1. Uyuşmazlık ve Hukuki Nitelendirme

Dava, kadastro öncesi nedene dayalı tapu iptali ve tescil istemine ilişkindir.

2. İlgili Hukuk

4721 sayılı Türk Medeni Kanunu’nun 713/1 inci maddesi; 3402 sayılı Kadastro Kanunu'nun 14 ve 17 nci maddeleri.

3. Değerlendirme

1. Dava konusu taşınmazın bulunduğu yerde kadastro çalışmalarının 04.04.1976 tarihinde kesinleştiği, yapılan çalışmalarda taşınmazın 766 sayılı Kanun'un 2 nci maddesi gereğince tapulama harici bırakıldığı, dava konusu yerlerin 12.05.2015 tarihinde ihdasen Maliye Hazinesi adına tescil edilen 356 parsel sayılı hali arazi vasıflı taşınmaz kapsamında kaldığı anlaşılmaktadır.

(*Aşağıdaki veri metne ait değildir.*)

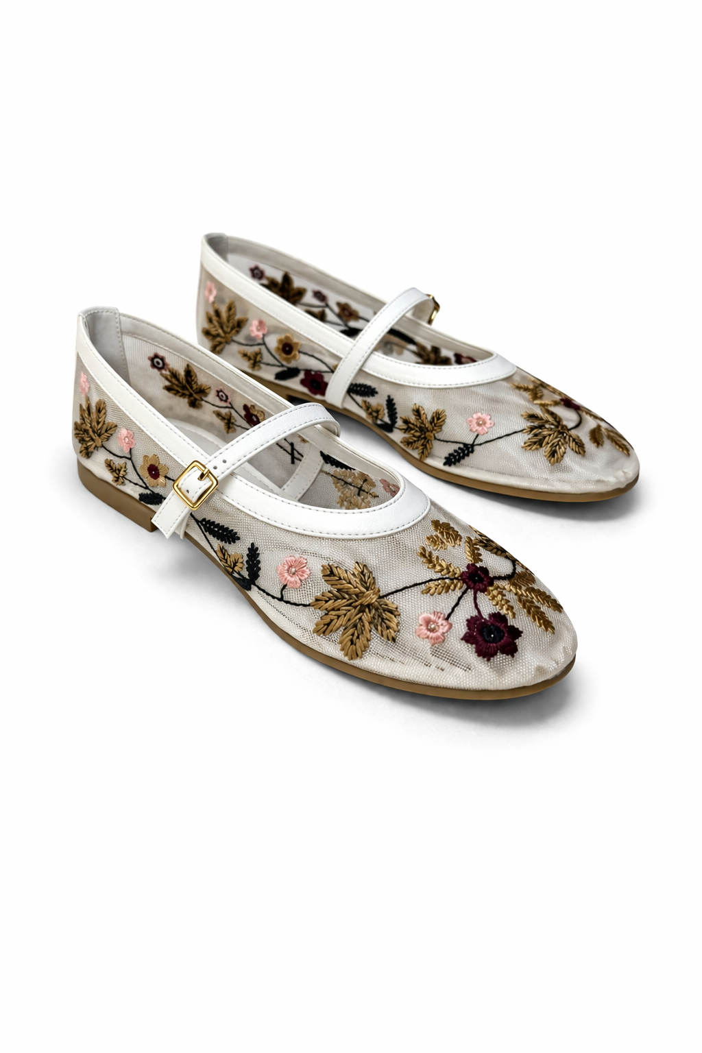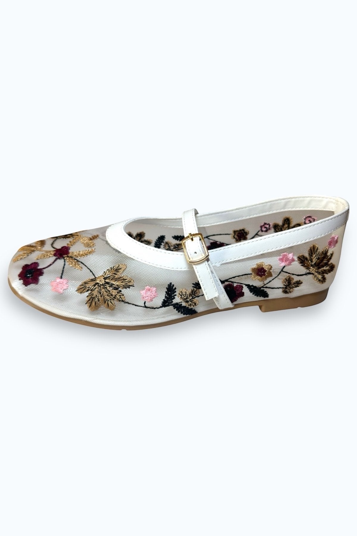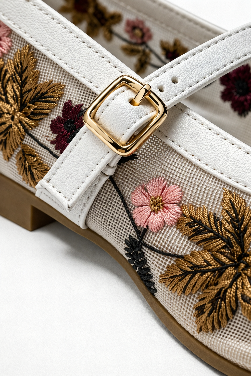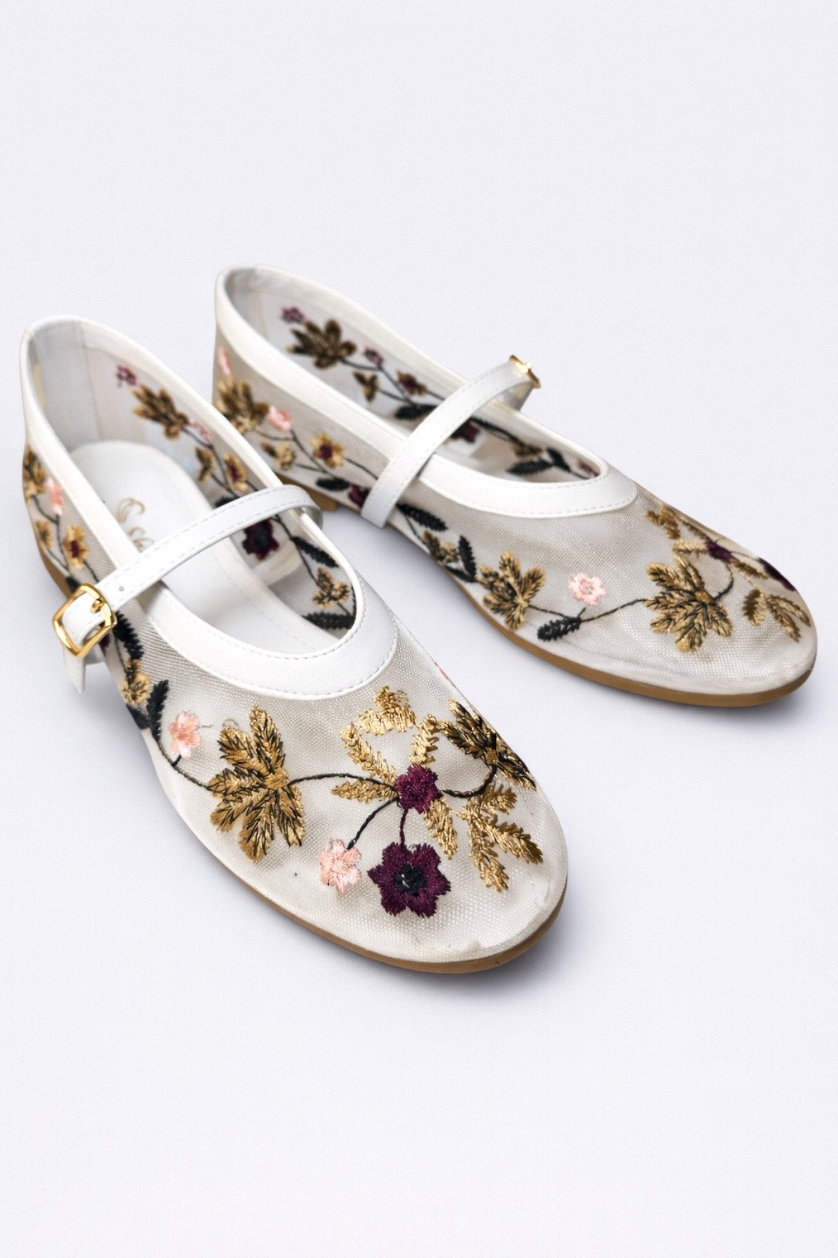 Kadın Beyaz Çiçek Nakışlı Mary Jane Babet Günlük Rahat Babet Ayakkabı

2. İlk Derece Mahkemesince taşınmazın bir kısmı üzerinde davacı yararına zilyetlikle mülk edinme koşullarının oluştuğu gerekçesiyle davanın kısmen kabulüne karar verilmiş ise de, yapılan araştırma ve inceleme hüküm vermek için yeterli bulunmamaktadır.

3.Somut olayda; dosya içerisinde mevcut 16.04.2018 tarihli fen, jeodezi ve fotogrametri mühendisi bilirkişilerden alınan ortak raporda 1985-1992 ve 1999 yıllarına ait hava fotoğraflarında (A), (B) ve (D) harfi ile gösterilen kısımlarda imar-ihyaya dönük tarımsal faaliyete ait emareler görüldüğü belirtilmiş ise de kabule konu bu taşınmaz bölümlerinin hava fotoğraflarında sınırlarının belirgin olup olmadığı, taşınmazlar üzerinde ne şekilde tarımsal faaliyet yürütüldüğü gibi hususlarda görüş belirtilmemiştir.

4. Öte yandan; Dairece eksikliğin giderilmesi yolu ile dosya kapsamına alınan kayıtlardan dava konusu 356 parsel sayılı taşınmazın 08.02.2022 tarihinde 3083 sayılı Kanun gereğince yapılan toplulaştırma işlemi neticesinde Han mahallesi 154 ada 2-150 ada 2 ve 4- 151 ada 2 ve 4 ile 152 ada 2 parsel sayılı taşınmazlara gittiği ve söz konusu taşınmazların Hazine adına kayıtlı olduğu kayden sabittir.

5.Hal böyle olunca; Mahkemece mahallinde teknik bilirkişinin katılımıyla yeniden keşif yapılmalı, teknik bilirkişiden dava konusu taşınmazı toplulaştırma sonucu oluşan güncel pafta üzerinde gösterir şekilde taşınmazın hangi toplulaştırma parseli/parselleri içerisinde kaldığını belirten, keşfi takibe elverişli krokili rapor alınmalı, ayrıca jeodezi bilirkişiden ek rapor alınmak suretiyle taşınmazın hava fotoğraflarında sınırlarının belirgin olup olmadığı, üzerinde ne şekilde tarımsal faaliyet yürütüldüğü hususları açıklattırılmalı, daha sonra toplulaştırma çalışmalarının amacına uygun olacak şekilde taşınmazda davacının paydaş kılınmak suretiyle hüküm kurulması gerektiği hususu göz önünde tutulmalı, toplanan ve toplanacak deliller bir arada değerlendirilmeli ve sonucuna göre karar verilmelidir.

Değinilen hususlar göz ardı edilerek yazılı olduğu üzere hüküm kurulması doğru değildir.

VI. KARAR

Açıklanan sebeplerle;

1. Davalı Hazine temsilcisinin yerinde görülen temyiz itirazlarının kabulü ile temyiz olunan, İlk Derece Mahkemesi kararına karşı istinaf başvurusunun esastan reddine ilişkin Bölge Adliye Mahkemesi kararının ORTADAN KALDIRILMASINA,

2. İlk Derece Mahkemesi kararının BOZULMASINA,

Dosyanın İlk Derece Mahkemesine, kararın bir örneğinin Bölge Adliye Mahkemesine gönderilmesine,

08.01.2024 tarihinde oy birliğiyle karar verildi.